Likely emboldened by the earlier appeasement, SJP, along with numerous leftist and pro-Palestinian groups, signed an inflammatory statement that purported to be a response to Gottheimer but went further than the usual diatribe. In so doing, they proved Gottheimer’s point.

The statement contains language that many have interpreted as a call to “defund” Rutgers Hillel, which the signatories single out as a prominent Zionist organization on campus with a “history of falsely conflating Palestine advocacy with antisemitism.” Given the message’s overall content and tone, the record and ideology of the signatories, and the fact that such calls have already been made elsewhere, such an interpretation was reasonable.

A subsequent debate centered on parsing the statement’s awkward verbiage to determine whether or not there was an explicit call to “defund Hillel” misses the point, yet that is what some are focusing on. One can only conclude that when recent events at Rutgers are summed up, they represent an escalation of the isolation and intimidation felt by Jewish students.

In light of its history and lack of leadership, Rutgers will likely continue to sit on its hands. The larger Jewish community must not do so as well while Jewish students face the real prospect of being driven underground.

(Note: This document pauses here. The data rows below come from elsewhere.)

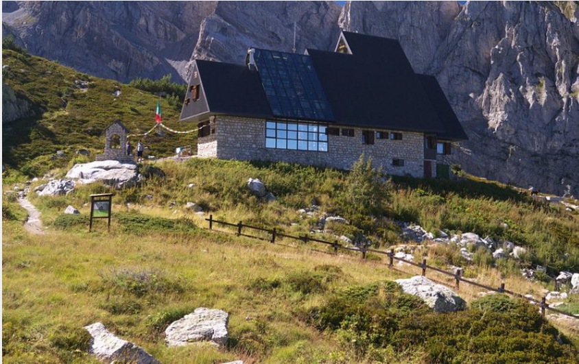
Attribution : Il Rifugio P. Garelli
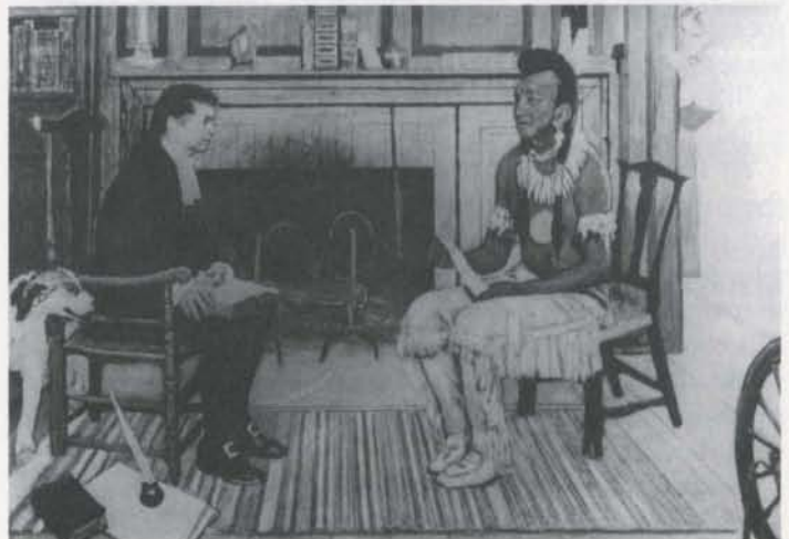
John Sergeant and Chief Konkapot by Norman Rockwell.
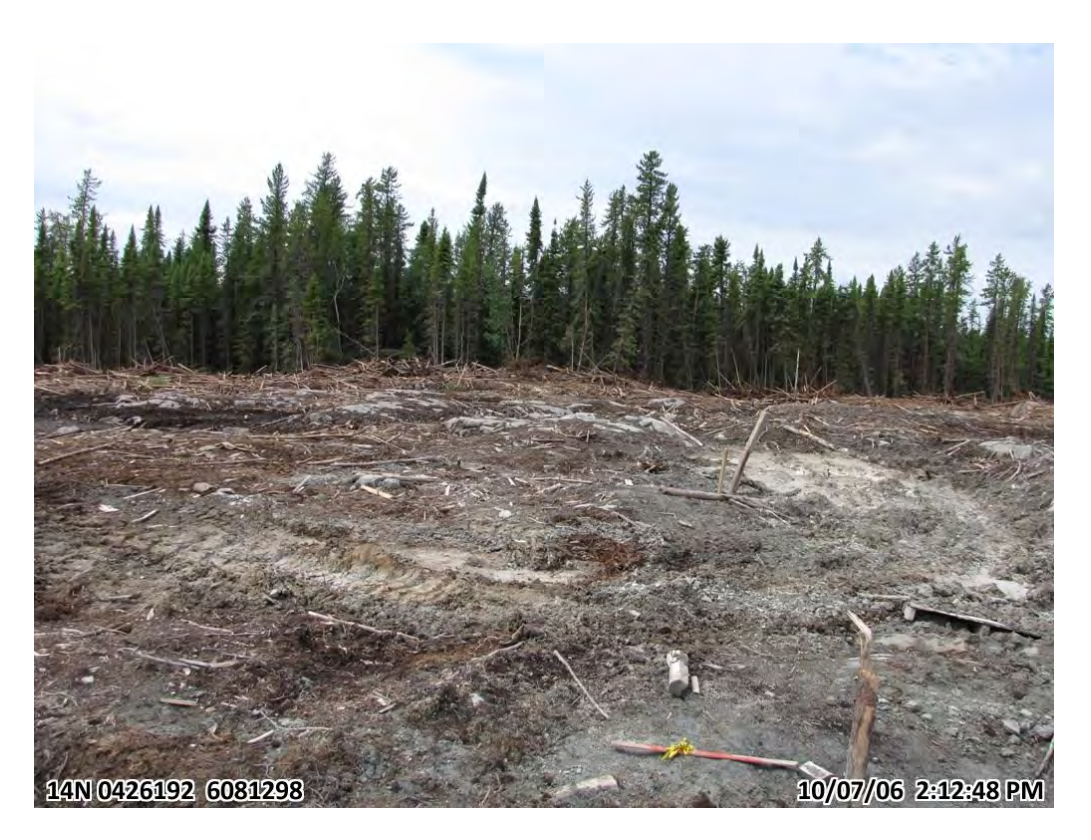
Photograph 17. Panoramic of cleared Lalor site, numerous bedrock ridges (6 July 2010)

Far too many Jewish students across the country are already living a kind of forced silence and invisibility when it comes to matters of Jewish identity. To combat this trend, the toolkit employed must be broadened considerably.

When the ZOA filed its complaint in 2011, it was onto something. An even wider, multipronged legal strategy should be part of a comprehensive and invigorated approach to the entire issue of antisemitism.

Rutgers and others must learn that the Jewish community regards this as a civil rights struggle. The university may continue to fail its Jewish students, but it must be made to pay a real price beyond tiresome expressions of disappointment by Jewish groups.

New Jersey’s “flagship” state university has for decades been enriched by the talent, hard work and contributions of countless Jewish students, staff, faculty and donors. It has taken all of this for granted, along with the ongoing presence of a large and vibrant Jewish community itself. Rutgers must be shown that it can no longer afford to do so.

Will a “defund Hillel” movement ever gain traction? Never underestimate what our adversaries are capable of. As this academic year begins, however, what a university that benefits from millions in public funding must be made to understand is that a movement to “defund Rutgers” is a real possibility as well.

Eric Ruskin is an attorney in New Jersey and a member of the board of directors of the Israel Independence Fund.